Постепенно древнее строение обросло легендами и дурной славой. Старухи сочиняли про башню сказки, чтобы внуки не ходили к ней играть. Мало ли, вдруг начнёт разрушаться, да и зашибёт кого-нибудь. Когда-то же она должна начать разрушаться, чай не египетская пирамида. Но детворе запрет как красная тряпка для быка. Так и манила их башня, как мёдом намазанная. Очень уж таинственным казалось древнее строение.
— Ладно, слушай, — сдался Кузьмич. Он сидел в старом, потёртом кресле, перечитывал старую газету. Делать ему всё равно было нечего.
На улице стоит августовское пекло. А дома хорошо. Деревянные ставни закрыты, защищают от солнца. Жужжит навязчивая муха, бьётся о стекло. Уютно урчит во сне старая серая кошка. Телевизор не работает, что-то с антенной. Кузьмич уже стар лазить по крыше. Почему бы не поболтать с внучкой?
— Только ты со всеми подробностями. И с самого начала. Когда ты ещё не родился, — попросила Оксана.
Она сидела на полу среди разбросанных фломастеров. Перед нею лежал раскрытый альбом. На белом листе была нарисована башня.
— Дед! Дед! — звонко крича вбежала в комнату младшая внучка. Мордашка шкодная, глазёнки горят, бант в жидких волосёнках сполз набок и готовился упасть на пол. Наташка всё лето бегала в одних трусах. Тело её загорало до коричневого цвета, и голубые глаза казались на этом фоне прозрачными, почти бесцветными. Выгоревшие волосы всегда были в беспорядке, потому что Наташка отличалась неусидчивостью и любопытством. И сейчас это любопытство так и лезло наружу.
— Дед, а я откуда взялась? — спросила внучка и замерла, ожидая ответ.
— Разве тебе родители не рассказывали? — удивился Кузьмич. — С огорода ты взялась…
— Дед, ну ты чего? — разочарованно протянула внучка. — Все люди из письки, а я с огорода?

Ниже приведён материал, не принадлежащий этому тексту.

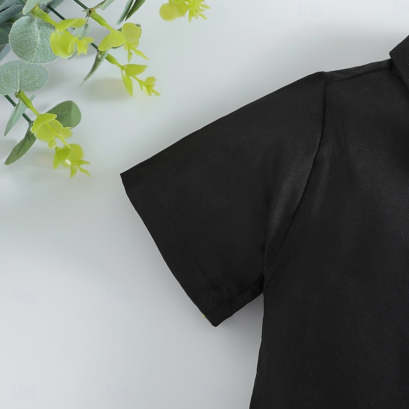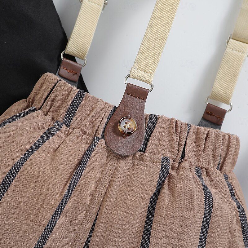 HOT ! 3 Pieces Ring Bearer Suit Boys Kids Toddler Shirt & Shorts School Formal Party Cool Basic Casual Stripe Striped V Neck Black Cotton
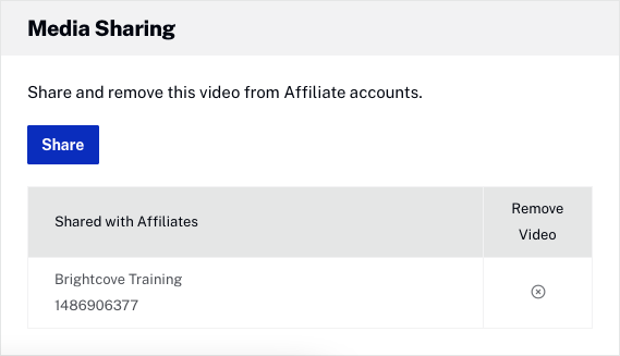 Le partage de médias permet aux éditeurs de charger des vidéos une première fois, puis de les partager sur d'autres comptes. Ces comptes peuvent être les vôtres, ceux de l'entreprise ou ceux d'autres éditeurs. Les vidéos partagées peuvent ensuite être utilisées indépendamment dans les autres comptes Brightcove. Le partage de médias s'utilise généralement lorsque les éditeurs souhaitent conserver un contenu vidéo sur un compte principal puis partager les vidéos avec d'autres divisions ou filiales de l'organisation.
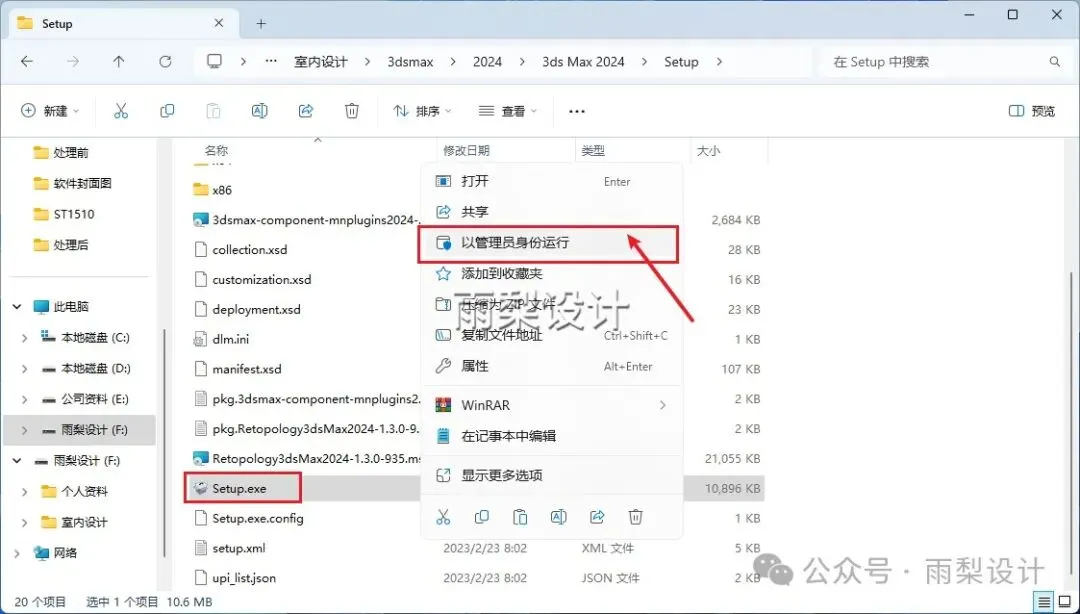 3.右键【Setup.exe】选择【以管理员身份运行】
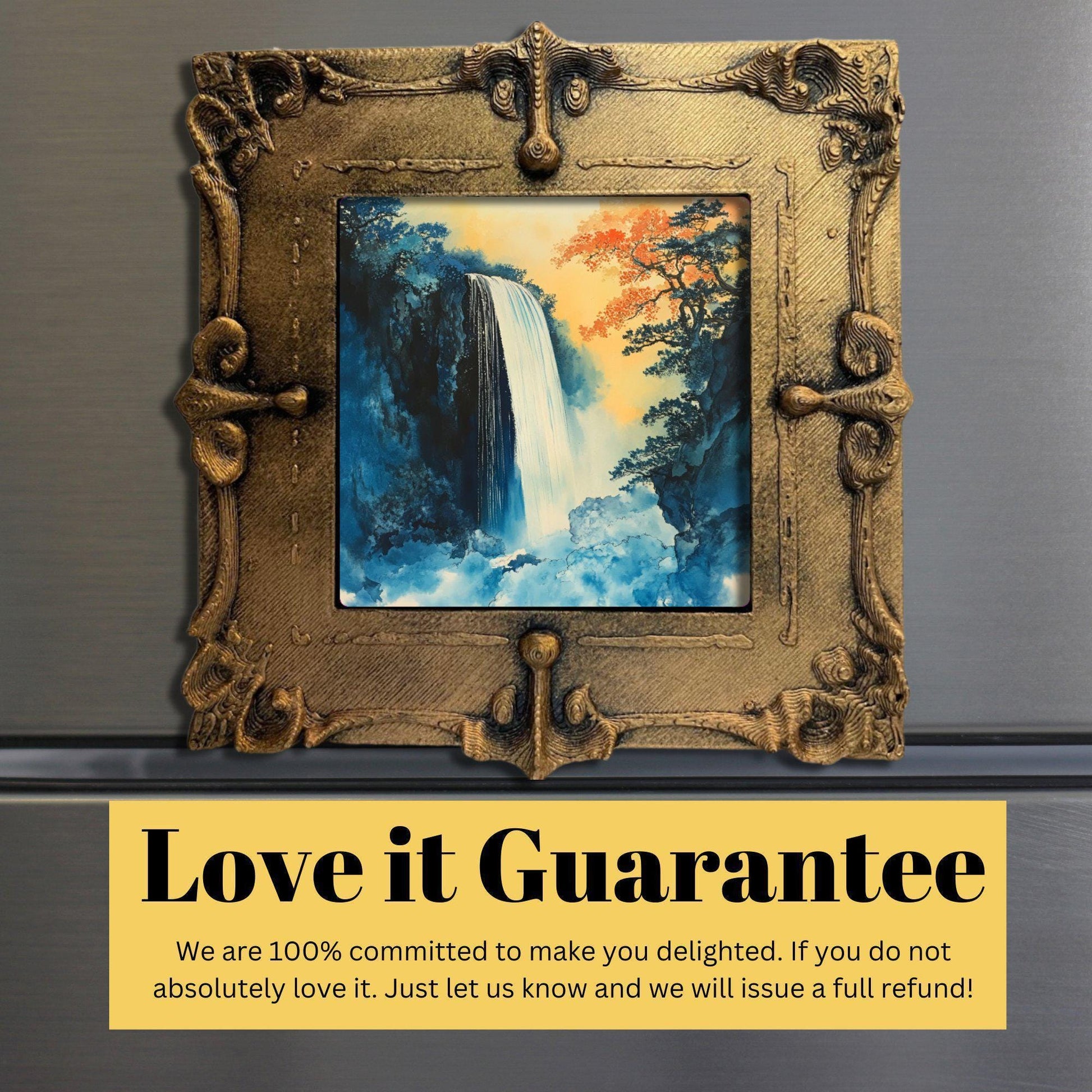 Hokisai Ukiyo Waterfall Gold Framed Refrigerator Magnet, Mini Art, Grand Millennial Style, Artful Kitchen Decor, Gift for Her fridgescaping
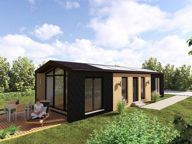 Attraktives Fertighaus als EffizienzHaus 55 - Stilvolles Wohnen im Raumwunder. Dieses Mikrohaus verbindet ein intelligentes Raumkonzept mit hohem Wohnkomfort auf kompakten 46 m² Wohnfläche. Es erwart...
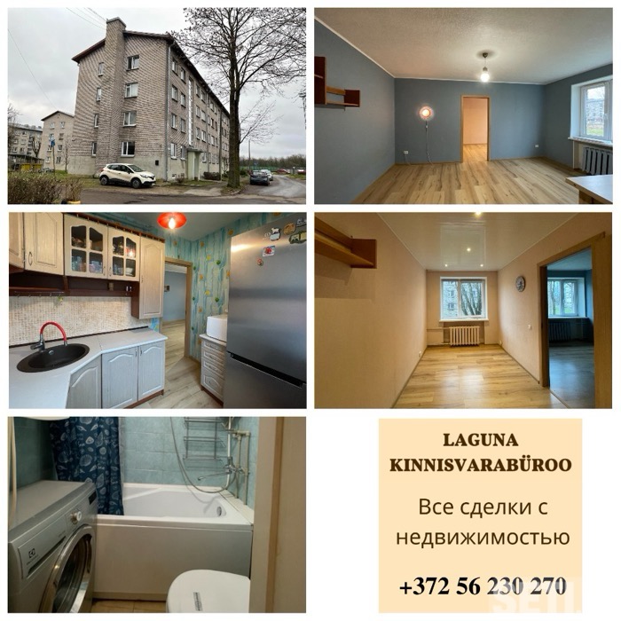 В продаже 2-комнатная квартира Masina tn 5, Narva linn, площадью 39,7 m2. 1 этаж /4-этажного, кирпичного дома. Cделан косметический ремонт. В квартире установлены пластиковые стекло пакеты , электро счетчик, автоматическая газовая колонка. В комнатах стены оклеены обоями, потолки частично сеникс под покраску и пластиковые панели, полы – настелен ламинат. Двери меж комнатные заменены, входной металлический блок. На кухне установлен встроенный кухонный гарнитур, газовая плита с духовкой, холодильник. Ванная комната и WC совмещены. Центральное отопление. Есть подвальное помещение. Действующее квартирное товарищество, парковка перед домом. В непосредственной близости автобусные остановки, Kerese keskus, магазин Rimi, аптека, кафе, Дом культуры Rugodiv, театр Vaba Lava, Липовая ямка, променад, Нарвский замок, Петровская площадь, государственная граница Эстония — Россия, автобусный и ЖД вокзал. Дополнительная информация : +372 56 230 270 , info@laguna.ee Показ возможен с 10 декабря 2025г
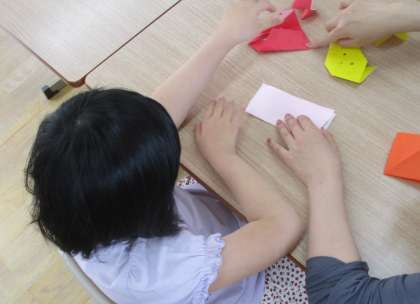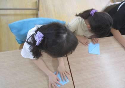自立活動の時間に、折り紙を折りました。今回は、パクパクと動く仕組みを生かした作品を作りました。高学年が中心になって折り方を教えてくれ、みんな出来上がった作品を見せ合いながら、楽しく遊ぶ姿が見られました。

И в её голосе звучала такая откровенная обида на несправедливость бытия, что Кузьмич не сдержался, и непедагогично усмехнулся.

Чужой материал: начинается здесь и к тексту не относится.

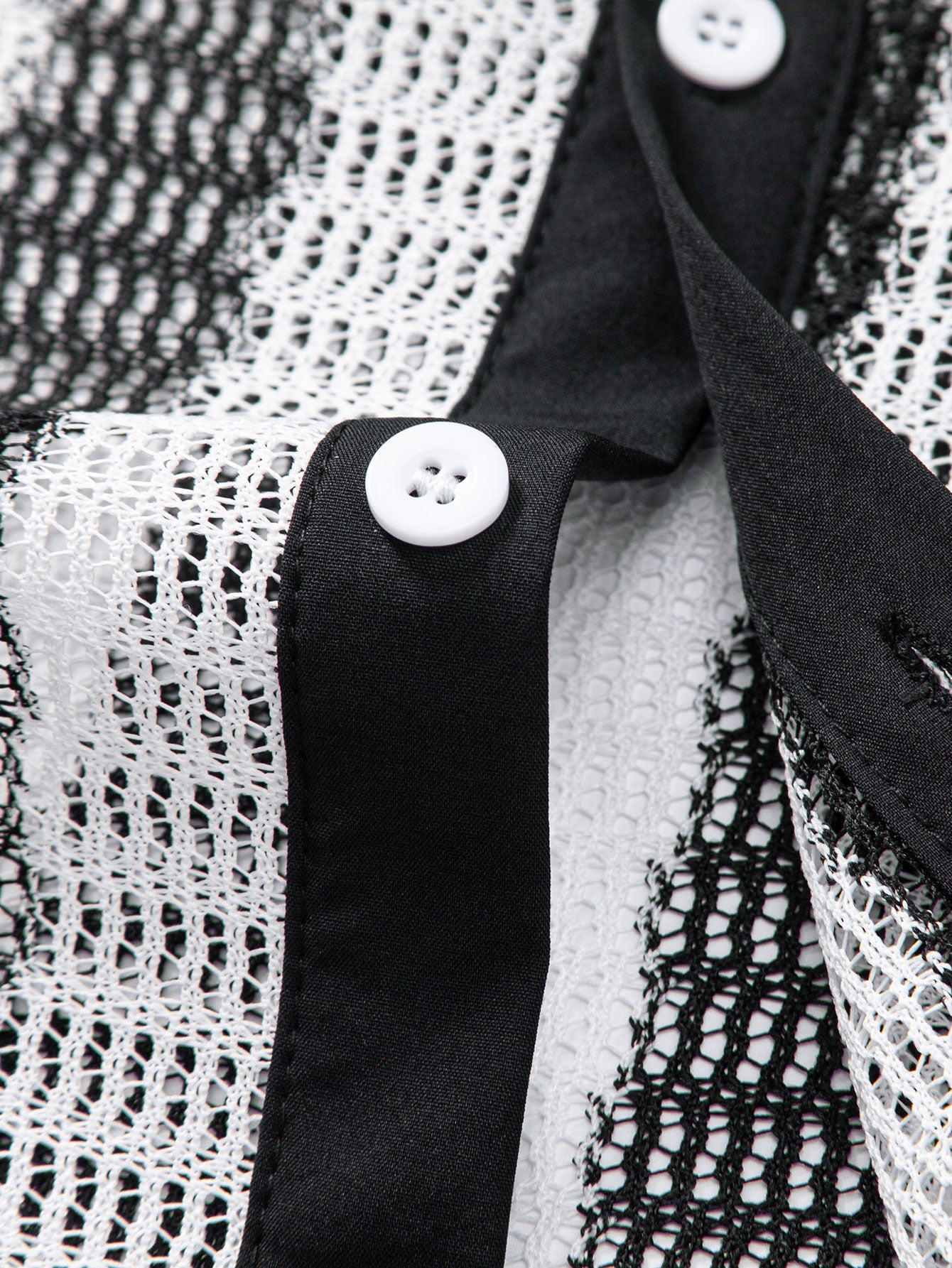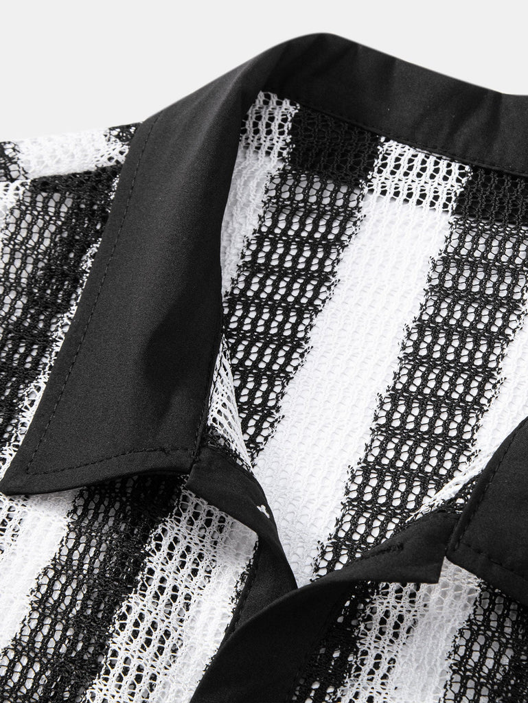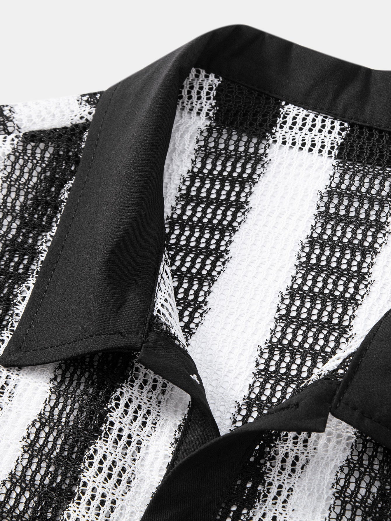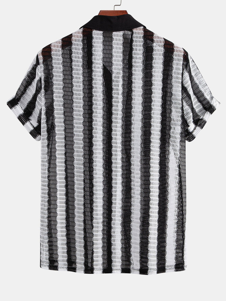 Stay cool and stylish in this hollow out stripe textured cuban shirt, crafted with a breezy, open-knit design that¡¯s perfect for summer. The classic Cuban collar and short sleeves give it a relaxed vacation vibe, while the textured stripe fabric adds a modern twist.
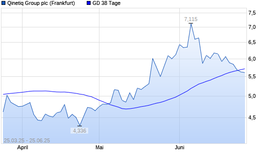 Mit dem Rücksetzer auf 5,63 EUR hat die Qinetiq Group-Aktie am 24.06.2025 die 38-Tage-Linie nach unten gekreuzt.
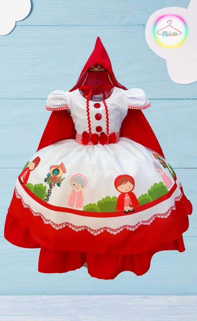 Vestido Luxinho Princesas Chapeuzinho Vermelho com Capa e Capuz | Mabiana Kids
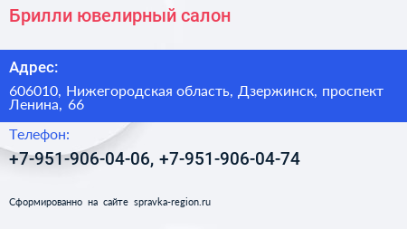 Брилли, ювелирный салон по адресу 606010, Нижегородская область, Дзержинск, проспект Ленина, 66 в дальнейшем Организация, размещена в следующих категориях:

— Иди отсюда, Наташка! Не видишь, тут взрослые разговаривают? — раздражённым тоном упрекнула сестру Оксана.
Она вылитая мать. Также напускает на себя важность, и в голосе её звучат стальные не допускающие возражений нотки. Генерал в юбке.
Наташка фыркнула и скрылась за занавеской, заменяющей межкомнатные двери. Оксана выжидающе посмотрела на деда. Кузьмич вздохнул.
— Никто не знает, когда башню построили. Когда в эту степь свезли раскулаченных и начали строить село, она уже стояла. Отец рассказывал, что был совсем маленьким, когда они с родителями и братьями приехали в эти места. Это было начало лета. Всю степь покрывали маки, как красное море. А башня уже стояла на кургане, словно маяк. Село и называется Красные Маки из-за цветов. Люди стали обживаться. Места здесь сама видишь какие — степь кругом. Деревьев не было совсем. И камень взять неоткуда. Из чего дома строить? Землянки рыли поначалу. Мужики хотели башню разобрать на камень. Да ничего не вышло. Так крепко она сложена. Поднимались наверх. А там ровная такая каменная площадка. Никак внутрь не заглянуть. Кому понадобилось строить башню без дверей и окон? В неё не спрячешься, если она должна была от врагов защищать.
— А может там дверь под землёй? — предположила Оксана. — Башня ведь давно стоит. А вдруг она под землю глубоко уходит, и дверь просто со временем засыпало?
Кузьмич с уважением посмотрел на внучку. Умная девочка растёт.
— Не знаю, внуча, никто не копал. Но дверь у этой башни есть. Только открывается она не каждому. Когда я был молодым у нас один мужик из села в этой башне пропал. Говорили, что дверь ему показалась. Он её открыл и вошёл. А назад не вышел. Дверь исчезла. Я, когда был таким, как ты, часто там с друзьями бывал. Вход искали. Но нам дверь не открылась. Не гуляй там. Плохое это место, гиблое.
— Ты же гулял, ничего не случилось, — возразила Оксана.
Как это не гуляй? Все гуляют и ничего. Она разрисовывала свой рисунок красными маками, даже кончик языка по-детски высунула от усердия.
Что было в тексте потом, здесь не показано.